Stored data entries

+ + + + + + +

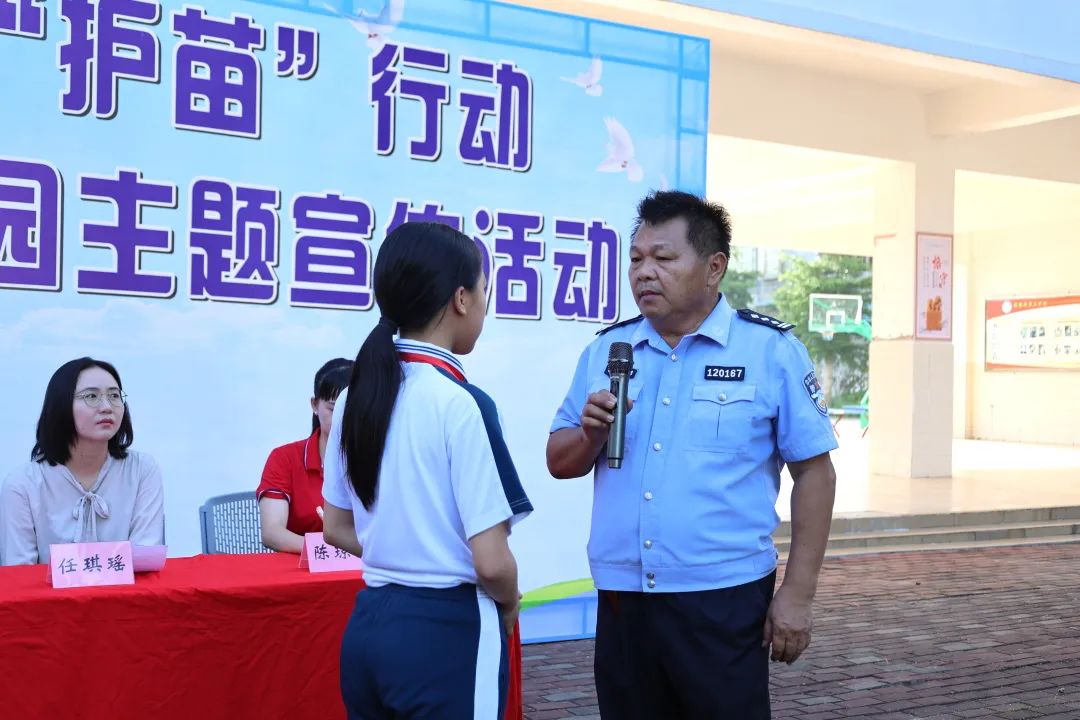 活动开始,由学生代表发言,号召同学们认真学习法律知识,树立维权观念,学会用法律维护自己的合法权益。随后金江派出所民警王进树同志针对未成年人保护知识进行宣讲,通过一个个案例深入浅出地教育学生们要加强自我保护意识,并对学生在校园生活中存在的疑惑进行现场答疑。
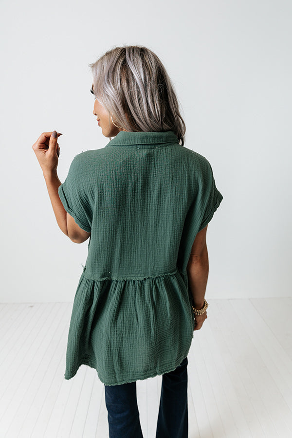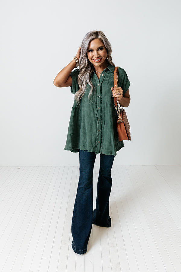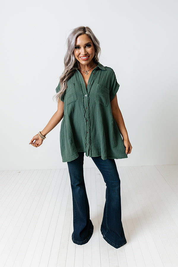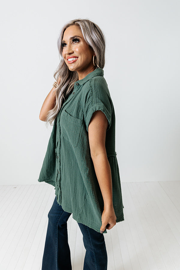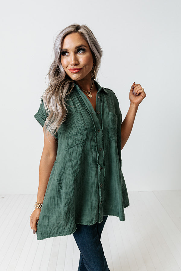 May all your fall wardrobe wishes come true with this charming hunter green hued shift top featuring lightweight flowy material with linen-like texturing, a button down front with a collared v-cut neckline, short sleeves with rolled cuffs, two accent chest pockets, and a relaxed silhouette that falls into a straight raw-cut hemline! Measurements
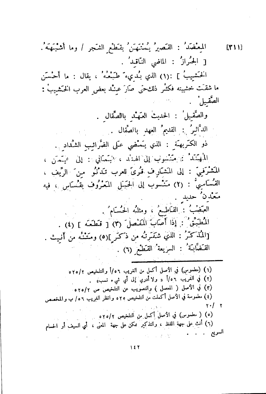 المهند: منسوب إلى الهند، اليماني: إلى اليمن، المشرفي: إلى المشارف قرى للعرب تدنو من الريف، القساسي: منسوب إلى الجبل المعروف بقساس، فيه معدن حديد.
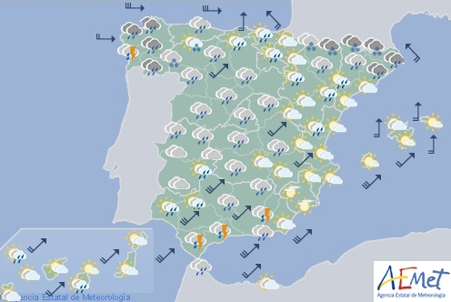 Generelt advares der om lokalt vedholdende og/eller stærk nedbør i store områder af de indre, sydlige og vestlige egne af halvøen samt i Pyrenæerne. Nogle gange bliver hele herligheden krydret med hagl og torden.
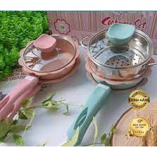 Set Nồi Chảo Đá Tráng Men Chống Dính Cao Cấp Kèm Xửng Hấp (Màu hồng)
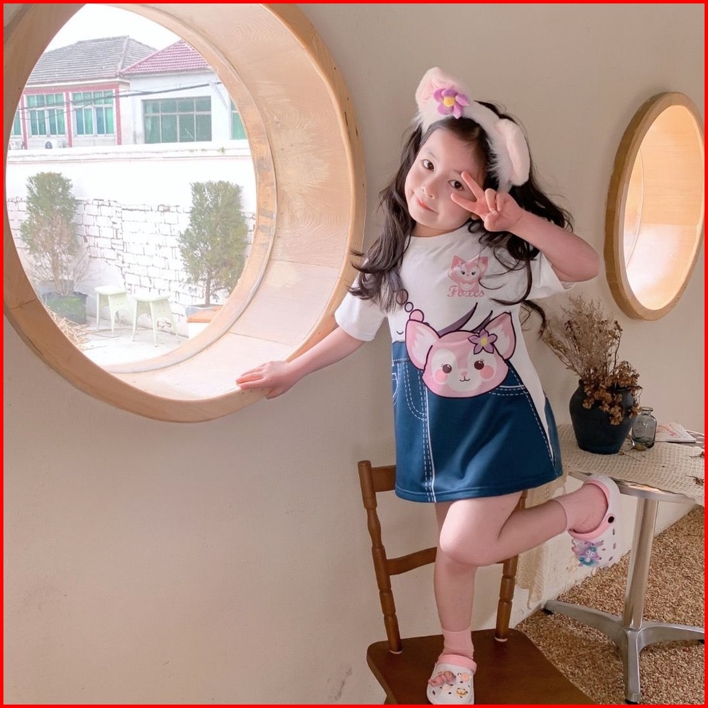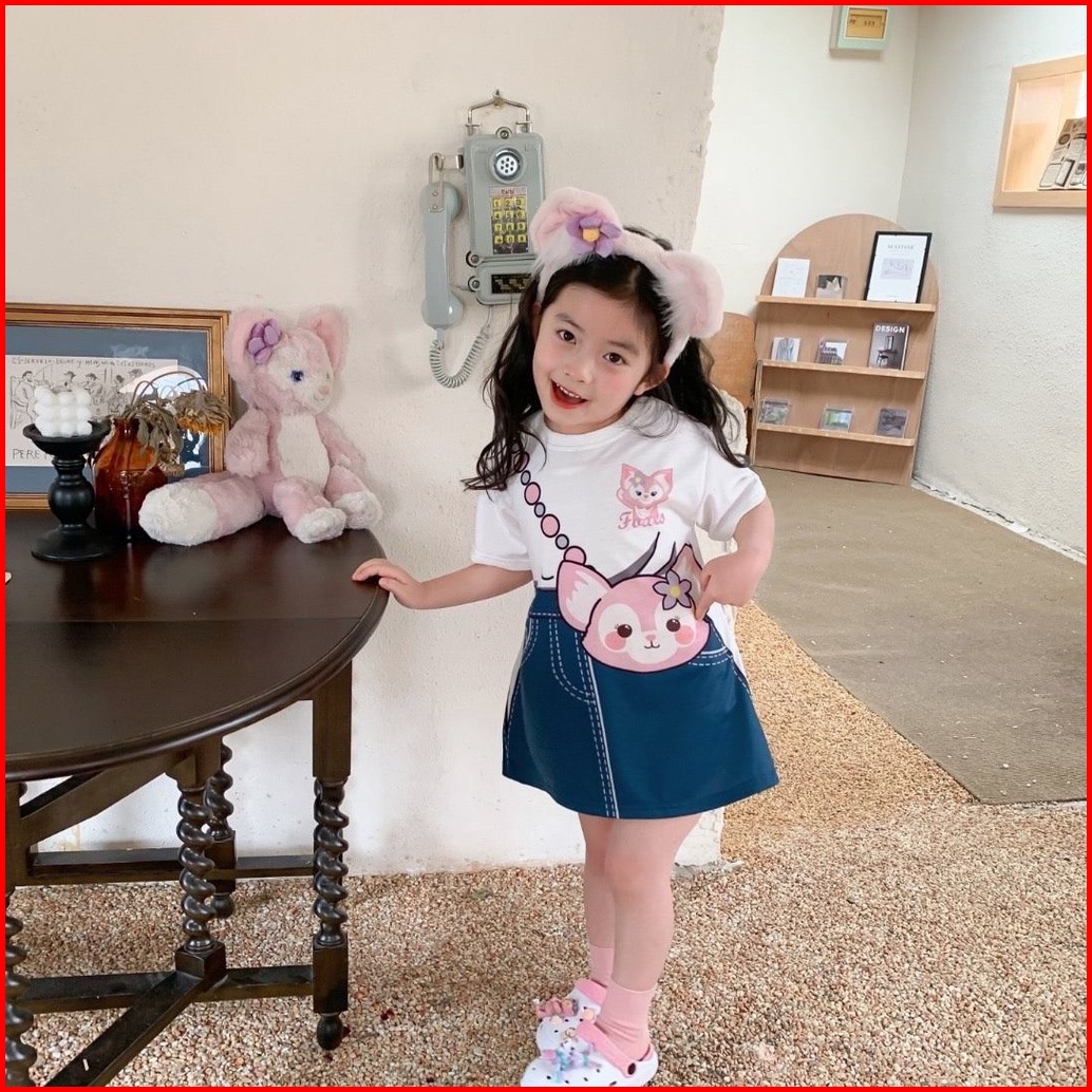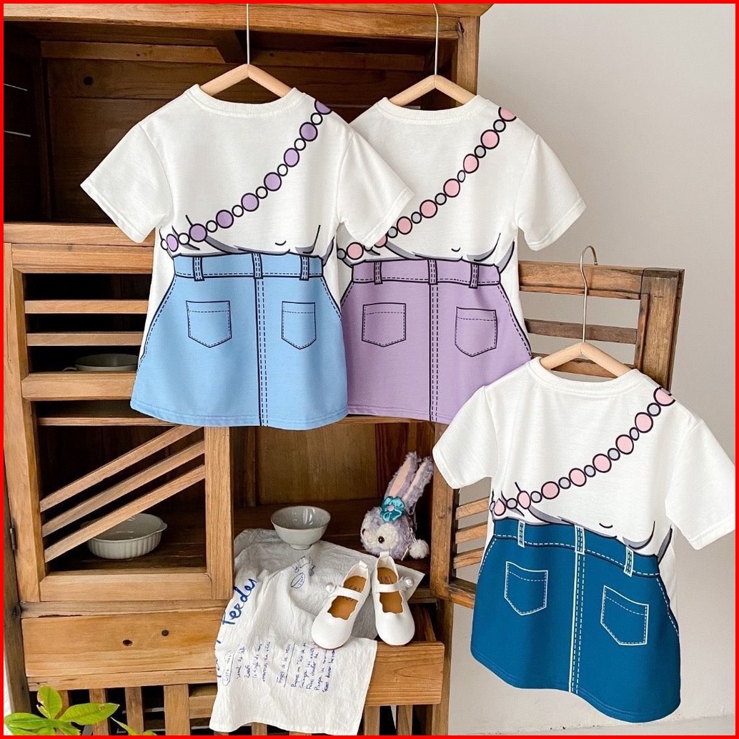 Princess Kesli 1-9 Tahun Dress Linabell Anak Perempuan Versi Korea Motif Kartun Rok Denim Kasual
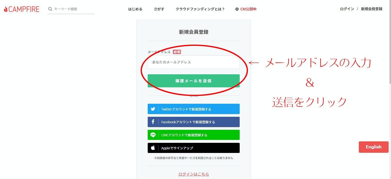 ③ 新規会員登録欄にメールアドレスを入力して、「確認メールを送信」ボタンを押す。

+ + + + + + +

§ Task details
An exact transcription of the data above is needed, without the pictures.

§ Answer to this problem
 活动开始,由学生代表发言,号召同学们认真学习法律知识,树立维权观念,学会用法律维护自己的合法权益。随后金江派出所民警王进树同志针对未成年人保护知识进行宣讲,通过一个个案例深入浅出地教育学生们要加强自我保护意识,并对学生在校园生活中存在的疑惑进行现场答疑。
 May all your fall wardrobe wishes come true with this charming hunter green hued shift top featuring lightweight flowy material with linen-like texturing, a button down front with a collared v-cut neckline, short sleeves with rolled cuffs, two accent chest pockets, and a relaxed silhouette that falls into a straight raw-cut hemline! Measurements
 المهند: منسوب إلى الهند، اليماني: إلى اليمن، المشرفي: إلى المشارف قرى للعرب تدنو من الريف، القساسي: منسوب إلى الجبل المعروف بقساس، فيه معدن حديد.
 Generelt advares der om lokalt vedholdende og/eller stærk nedbør i store områder af de indre, sydlige og vestlige egne af halvøen samt i Pyrenæerne. Nogle gange bliver hele herligheden krydret med hagl og torden.
 Set Nồi Chảo Đá Tráng Men Chống Dính Cao Cấp Kèm Xửng Hấp (Màu hồng)
 Princess Kesli 1-9 Tahun Dress Linabell Anak Perempuan Versi Korea Motif Kartun Rok Denim Kasual
 ③ 新規会員登録欄にメールアドレスを入力して、「確認メールを送信」ボタンを押す。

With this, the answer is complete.